PEYTON JONES: You have to do something to make it do that, don’t you? It doesn’t just spot—anytime you say “Cambridge,” it doesn’t just go—yeah, there’s some gesture. 

GORDON: You go into the data ribbon, and actually, one of the really cool things about those entities is they’re known as linked entities. It’s not just a record, but they also have this link to where they came from, sort of a pointer to the web, if you like. So, it means that if you open up a stock data type in a workbook, Excel will actually automatically refresh properties like the price, and then it would recalc anything that depends on that. So, these have become really popular as ways of building financial models or getting properties of geographies. 

PEYTON JONES: But from a programming point of view, the interesting thing about this was the value in the cell was no longer a scalar.
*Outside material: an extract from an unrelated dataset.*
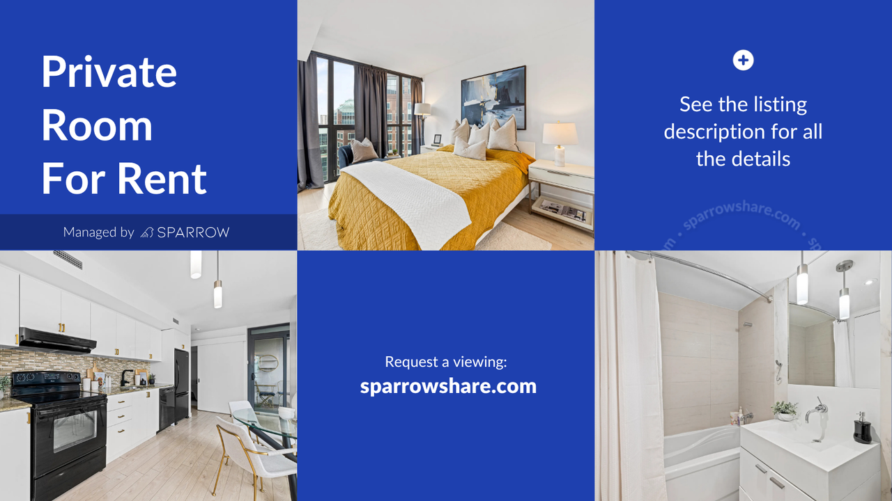 Text me at 437 291 7980 for assistance using SparrowShare Online App Private room for female in a 2 bedroom condo unit at X Condominium, Toronto Bedroom available: 1 furnished Bedroom A: $1580 with Single sized bed (Private bathroom) Solo female occupancy only Utilities included: - Air Conditioning - Heating - Washer - Dryer - Internet - Cable TV Amenities included: - Elevator - Gym - Swimming Pool - Sauna Shared spaces: - Kitchen - Dining Room - Living Room - Balcony Parking: Additional $100 parking fee Minimum Rent Duration: 4 months Payment: Security deposit after signing the agreement, then pay the 1st month's rent before move in-date Address: Charles St E, Toronto, ON M4Y 1T5, Canada Nearest Universities via public transit: Yorkville University (Toronto Campus): Approx 8 minutes walk Toronto Metropolitan University (TMU) - Approx 10 minutes travel time University of Toronto – St. George Campus - Approx 10 minutes travel time George Brown College – St. James Campus - Approx 20 minutes travel time OCAD University - Approx 20 minutes travel time Nearest Landmarks (walking distance): Rabba Fine Foods & Metro Grocery Bloor–Yonge Subway Station Church & Wellesley Village Toronto Reference Library Yorkville Village / Bloor St Luxury Shops House Rules: - No Guests - No Smoking/Vaping/Cannabis - No Pets allowed Additional Benefits: - Tenant Insurance Included: Renting through Sparrow includes tenant insurance at no extra cost, providing you with added peace of mind. - Credit Building: Your rent payments through Sparrow will be reported to credit bureaus, helping you build and boost your credit score over time. Disclaimer: This listing has been syndicated from sparrowshare.com, including its content, rental terms, and images. Sparrow is used to verify the identity and compatibility of those interested. The advertised property is owned and/or managed by Melvin from Sparrow Living Inc.

It really is a record, and you could programmatically say “A1.price” to extract the field. That’s the first time that kind of rich, structured data of nested records was available. 

GORDON: Yeah, I think that’s the first time Excel had “dot” actually as an operator. So, we now have, like, “dot,” like in many other programming languages, with IntelliSense, so it kind of gives you an option for different fields you might want to pull out of the record.  

PEYTON JONES: It was a funny dynamic that, for a programming languages person, you’d say, “Well, we need an introduction form, which lets you create records, and then an elimination form that lets you take them apart”—that‘s the dot. But the way it came out in the product is we have the elim form but without the intro form. I think we all get an intro form, but it was just an interesting way in which working with a product group makes things come out in a different way, probably a way that’s more useful for users in the first instance than we would have done as academics. I thought that dynamic was interesting. 

GORDON: Yeah, actually, I mean, stepping back, Simon, I think this is one of the really big things that I’ve learned from working with the Excel team—I mean, we’ve been working really intensely on this the last five years—which is the kind of people who use Excel. I mean, it’s a really broad population—it’s a super popular application—but the kind of people who use it are generally not programmers, people who really care about writing code for its own sake. Like most people who are sort of functional programmers, say, Haskell programmers, are really passionate about programming, whereas people who are using Excel, not always, but generally, they are really keen to get some other job done, like they’re an accountant, they’re someone working in finance, maybe a teacher tracking statistics about how their students are doing, and they’re what are known as end-user programmers. They are writing code—they’re writing programs—but really for their own purposes. So, when the Excel team thinks about how best to serve end-user programmers, they often do things a little differently than if you were trying to produce a feature for a very sophisticated programmer. Entities are a good example of that, where the Excel team realized that end users who maybe cared about stocks would just want a very convenient way to go from the name of a company to an entity that would automatically update the stock price rather than having to have maybe a function called “record” that they would call and have to put in arguments to determine which entity to fetch, and I think that’s been quite successful, that end users have really been able to use these features, and they don’t really know what a record is, but they can understand that particular entities matter for what they’re trying to do. 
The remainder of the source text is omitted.